Sekretarsi komisi I DPRD Provinsi, Sadar Muslihat

RADARCIANJUR.com – Anggota Komisi 1 DPRD Provinsi Jawa barat, fraksi Partai Keadilan Sosial (PKS) Sadar Muslihat menilai, bahwa proses Pemilihan Kepala Daerah (Pilkada) serentak yang kian dekat ini kemungkinan bisa menjadi cluster baru penyebaran virus Covid-19 yang masih belum ditetapkan usai hingga saat ini.

“Ya, kalau dalam proses Pilkada seperti kampanye atau sosialisasi calon nanti, termasuk saat pemilihan itu tidak menerapkan protokol kesehatan, ada kemungkinan bisa menjadi cluster baru Covid,” ujar Sadar, saat ditemui radarcianjur.com, disela-sela kesibukannya, Selasa (25/8/2020).

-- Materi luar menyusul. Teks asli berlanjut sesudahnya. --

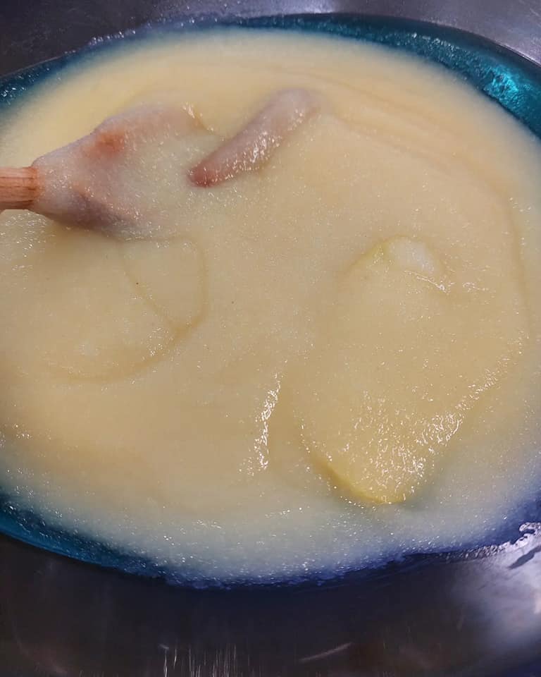 Σε μια κατσαρόλα βάζουμε το νερό, τη ζάχαρη, το ξύσμα και τις βανίλιες, το ξυλάκι κανέλας και ανακατεύουμε σε σιγανή φωτιά μέχρι να λιώσει η ζάχαρη και οι βανίλιες.
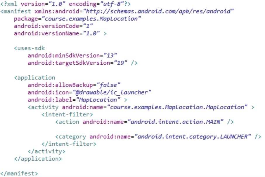 Следующий элемент манифеста – application, который содержит различные атрибуты: иконку для этого приложения, метку, которая показана в строке заголовка приложения, элемент Activity, который перечисляет в нашем случае всего одну Activity – MapLocation, которое включает это приложение.

Maka dari itu, Sadar menyampaikan bahwa begitu pentingnya penerapan protokol kesehatan di masa tatanan hidup baru saat ini.

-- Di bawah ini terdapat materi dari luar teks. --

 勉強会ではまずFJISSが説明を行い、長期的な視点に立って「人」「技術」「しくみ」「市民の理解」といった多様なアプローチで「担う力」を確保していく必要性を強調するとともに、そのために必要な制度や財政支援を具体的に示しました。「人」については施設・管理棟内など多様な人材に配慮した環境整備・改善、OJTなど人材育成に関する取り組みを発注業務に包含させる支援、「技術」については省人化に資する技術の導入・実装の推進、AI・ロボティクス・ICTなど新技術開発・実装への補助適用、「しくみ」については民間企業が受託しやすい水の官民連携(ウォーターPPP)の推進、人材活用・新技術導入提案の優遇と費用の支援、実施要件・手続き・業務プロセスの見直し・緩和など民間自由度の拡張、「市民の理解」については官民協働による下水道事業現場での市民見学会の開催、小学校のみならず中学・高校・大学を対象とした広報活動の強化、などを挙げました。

“Jadi sebetulnya sekarang itu menjadi salah satu kesempatan juga bagi para calon yang ikut kontestasi Pilkada untuk gencar menyosialisasikan penerapan itu ke masyarakat. Kan secara tidak langsung bisa menjadi ladang mencari popularitas. Tapi dengan aturan juga,” katanya.

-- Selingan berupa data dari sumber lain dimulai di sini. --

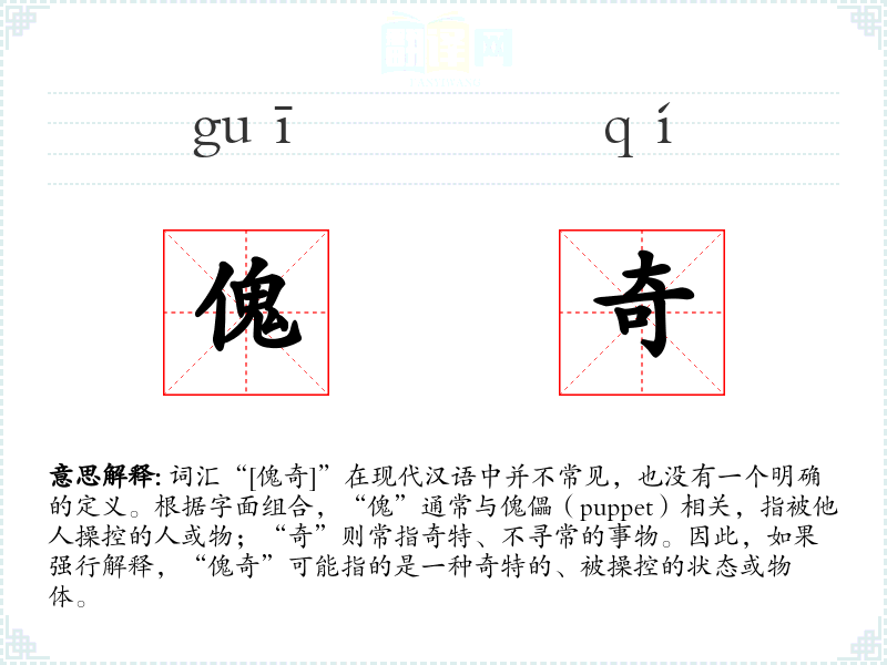 词汇“[傀奇]”在现代汉语中并不常见,也没有一个明确的定义。根据字面组合,“傀”通常与傀儡(puppet)相关,指被他人操控的人或物;“奇”则常指奇特、不寻常的事物。因此,如果强行解释,“傀奇”可能指的是一种奇特的、被操控的状态或物体。

Selain itu, Sadar mengingatkan, terkait Pilkada nanti, semua calon yang akan bertanding termasuk calon dari petahana, jika masih menggunakan anggaran pemerintah, maka harus bisa memisahkan antara anggaran untuk Pilkada maupun anggaran untuk rakyat.

“Saya kira semua juga sudah paham tentang hal itu, meskipun sekarang ini belum masuk tahapan awal. Kebebasan dan kebolehan itu seharusnya mesti lebih dipahami, selama tidak melanggar aturan ya silakan saja,” tuturnya.

Namun begitu, menurut pria berkacamata itu, etika dan aturan yang berlaku harus tetap digunakan. Karena ini merupakan kepentingan bersama untuk menjaga demokrasi yang sehat dan aman.

“Pilkada ini harus tetap menjadi perhelatan rakyat yang aman, demokratis, dan sesuai aturan yang berlaku,” tukasnya. (dan)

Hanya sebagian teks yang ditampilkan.